It is budget day again, and citizens, investors from around the world and other stakeholders are itching to hear the country’s economic policies for the rest of the year and how it will affect their lives. In fact, there is high interest in this year’s budget presentation as it is the first full year budget after the economy was ravaged by the coronavirus pandemic.

So naturally, everyone is expecting what plans and policies government has in store to reverse the damage. What even adds to the high interest in this budget, albeit on a lighter note, is the fact that it is the first budget in the history of the country to be presented by Osei Kyei Mensah-Bonsu, Minister for Parliamentary Affairs, as Ken Ofori-Atta, who is the finance minister-designate has not yet been vetted by the Parliamentary Appointments Committee due to some health issues.

According to a statement from the Ministry of Finance, the budget statement will focus primarily on prudent policies to bring the economy back on track and will also touch on the continuation of government priority programmes to ensure economic growth. Health care, digitization of the economy and sanitation issues will feature prominently, it stated.

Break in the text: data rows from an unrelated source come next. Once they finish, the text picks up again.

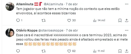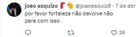 A atitude do jogador foi bastante criticada pela torcida do Fortaleza nas redes sociais.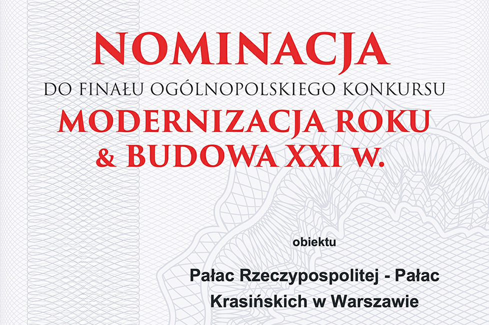 Pałac Rzeczypospolitej w finale Ogólnopolskiego Konkursu Otwartego Modernizacja Roku & Budowa XXI w.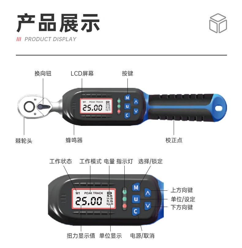 Peric BAGM 디지털 토크 렌치 고정밀 전자 프리셋 조정 가능한 래칫 토크 렌치스토어 가기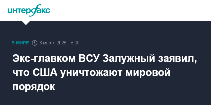 Москва. 6 марта. INTERFAX.RU - Посол Украины в Великобритании и бывший главнокомандующий ВСУ Валерий Залужный в четверг заявил, что Белый дом пытается нарушить мировой порядок.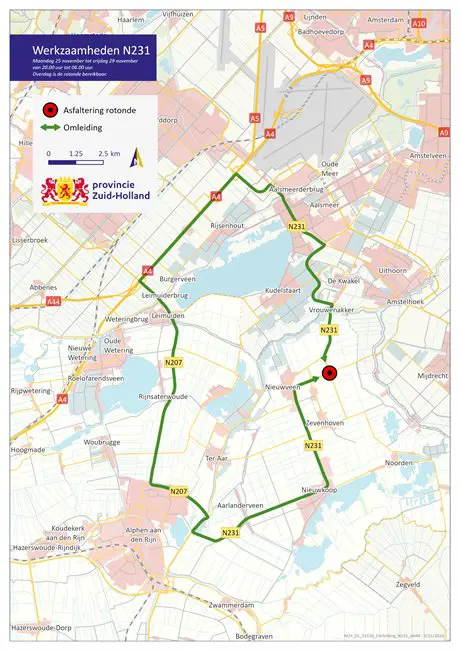 De provincie Zuid-Holland gaat namelijk onderhoud uitvoeren aan de rotonde. Van 26 november tot en met 29 november is de rotonde bij Nieuwveen drie nachten afgesloten. Het gaat om de tijdstippen 20.00 uur tot 06.00 uur.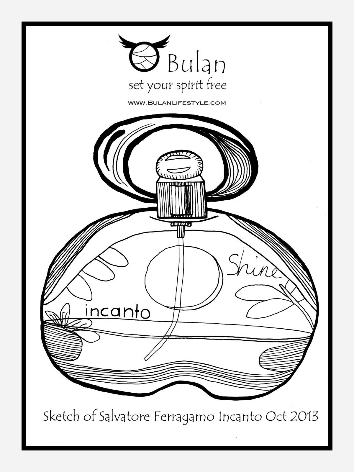 art, bulan, bulanlifestlye, drawing, frangrance bottle, illustration, INCANTO, penang artist, Perfume, perfume bottles, Salvatore Ferragamo, sketch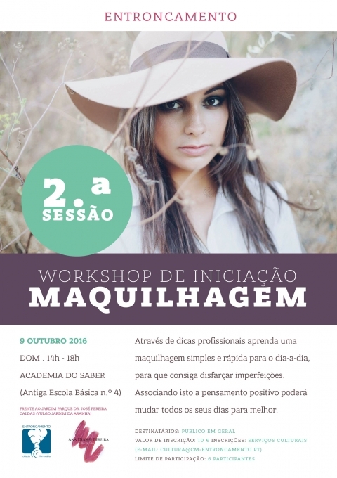 A Câmara Municipal do Entroncamento promove, a 9 de outubro, a segunda. sessão do workshop de Iniciação à Maquilhagem, com a maquilhadora Ana Duque PereiraA atividade decorre das 14h00 às 18h00, no edifício da Academia do Saber (antiga Escola Básica n.º 4), junto ao Jardim da Aranha.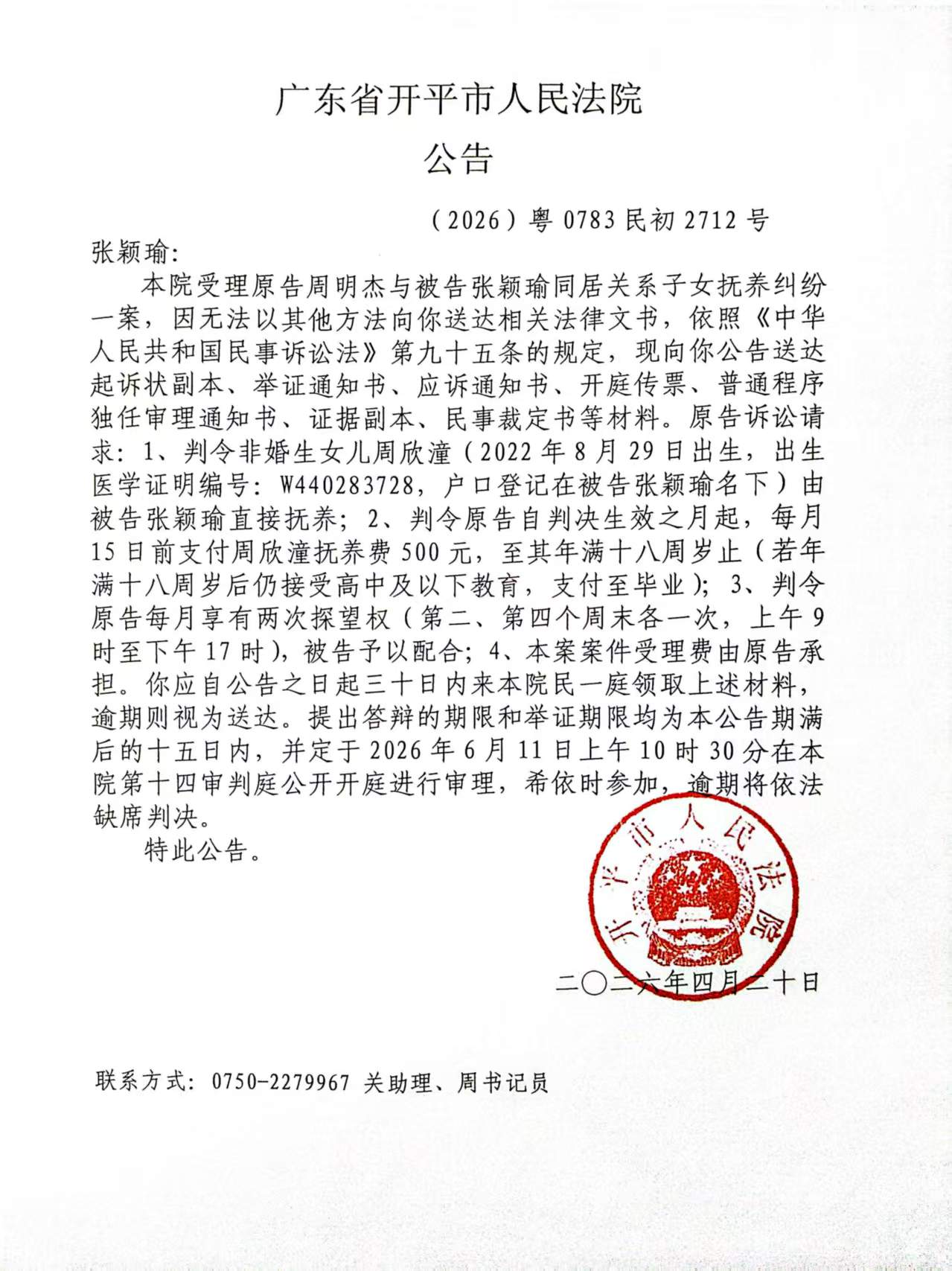 (2026)粤0783民初2712号张颖瑜应诉公告.pdf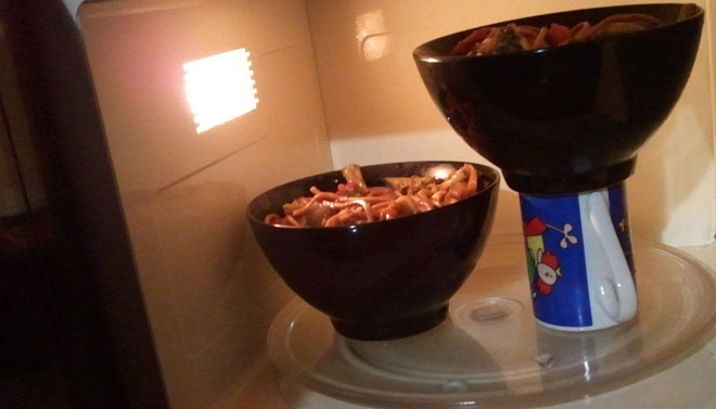 All you need to do is place one bowl in as normal and then put a mug upside down next to it. Place your second bowl on top and watch as they cook in half the time. It’s so easy! But do be careful. This trick might not be suitable for anything that has a lot of liquid, which can spill if not done properly.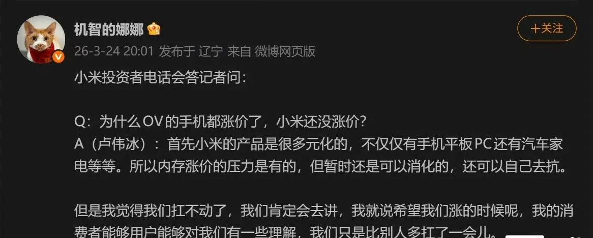 才表扬小米没几天,说好的不涨价,要挺住,愚人节一过,就挺不住了。卢伟冰回应小米宣布涨价,称内存价格涨得离谱。说好的为消费者挺住呢? 4月3日,小米发布公告,受全球存储芯片等关键零部件价格持续大幅飙升影响,经过审慎评估,公司将自2026年4月11日00:00起,调整部分在售产品的建议零售价。 3月24日,卢伟冰还说:小米暂不涨价,靠多元+高端化硬扛。 2026年真的不适合换手机,价格太不理性了。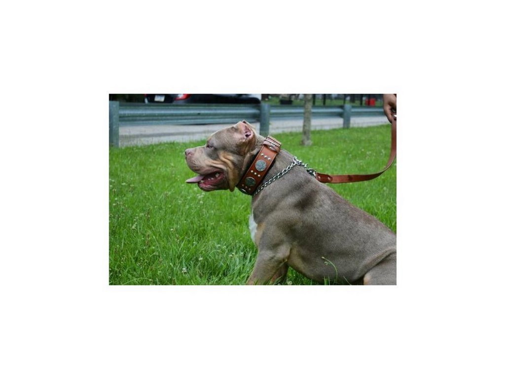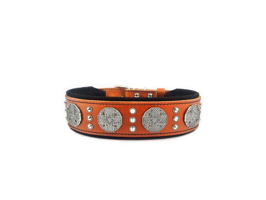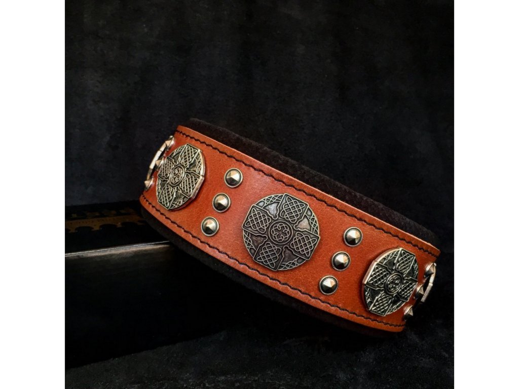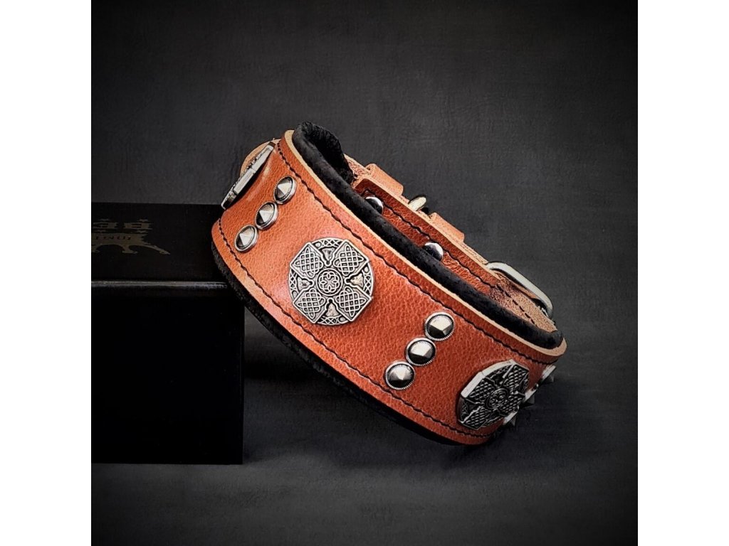 Design obojku je doplněn kombinací dvou druhů nýtů ve starožitném stříbrném odstínu, které dodávají obojku výrazný a luxusní charakter. Každý detail je ručně zpracován s maximální precizností.

But according to experts, the budget must touch on at least three main areas, lest it will disappoint many, as these are the major issues on the minds and lips of businesses, market watchers, investors and analysts. The issues are: the unsustainable debt situation, revenue shortfall, and policies to boost growth in the private sector. Let’s begin with the most worrying – the debt situation.

The unsustainable debt situation

Granted, high debt level is not new to the economy as all five administrations under the fourth republic have been saddled with debt at a point in their governance. However, the situation has been worsened by the coronavirus pandemic which has given government more impetus to borrow, in the name of ‘we are not in normal times.’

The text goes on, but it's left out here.